With the growing emphasis on circularity in packaging recycling, the accumulation of metals from coatings, inks, and dyes in recycled pulp poses potential health risks, especially in food and pharmaceutical packaging. This study examines how washing and deinking reduce residual metal content in printed and coated recycled cellulose, assessing its suitability for sensitive applications.

The study found that metal extraction from cellulose pulp obtained from recycled fibers is influenced by both the presence of adhesives and the electronegativity of the metals. We propose that electronegativity is linked to the process characteristics of deinking and washing, which depend on the hydrophilic or hydrophobic nature of the substances involved.
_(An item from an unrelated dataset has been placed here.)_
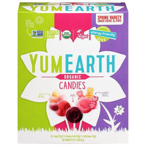 Sour beans. Pops. Gummy fruits. Variety box of assorted snack packs & pops. Gummy Fruits: Very very cherry, perfectly peach, strawberry smash. Pops: Pomegranate pucker, wet face watermelon, strawberry smash, googly grape, very very cherry. Sour Beans: Pomegranate pucker, perfectly peach, mango tango, awesome apple. Gluten free., Vegan., No nuts., No high fructose corn syrup., Dye free., USDA Organic., Gummy Fruits: Certified Organic by Ecocert France SAS., Pop: Certified Organic by Oregon Tilth., Sour Beans: Certified Organic by Ecocert SA., Allergy friendly., Organic & non-GMO. Non GMO Project verified. Nongmoproject.org. Snack packs & pops. More reasons to smile., Snack packs & pops. More reasons to smile. Sweet. Simple. Smiles., Made with no: soy; egg; dairy; shellfish; peanuts; artificial dyes; high fructose corn syrup. yumearth.com Please share your smiles with us! Yumearth.com. (at)yumearth. Visit yumearth.com FAQs for complete packaging and manufacturing info. Gummy Fruits: Product of France., Pop: Product of Mexico., Sour Beans: Product of Mexico.

Results show that metals such as Ag, Ti, Cr, V, and Zn, which exhibit lower electronegativity, display a smaller increase in mass fraction across certain phases after deinking flotation. Similarly, pulp suspension that has a lower amount of remaining sticky particles and metals in the matrix has better rheological behaviour with pronounced shear thinning behaviour, seen as a higher power law shear thinning coefficient and a lower flocculation index.

These findings highlight the critical importance of understanding the role of adhesives in the formation of sticky particles and the characteristics of metals when designing effective paper recycling processes. Efficient removal of residual adhesives and metals from cellulose is essential not only for improving process performance and material circularity but also for ensuring the safe reuse of recycled fibers in high-value applications such as food, electronics, and pharmaceutical packaging, where purity and safety are crucial.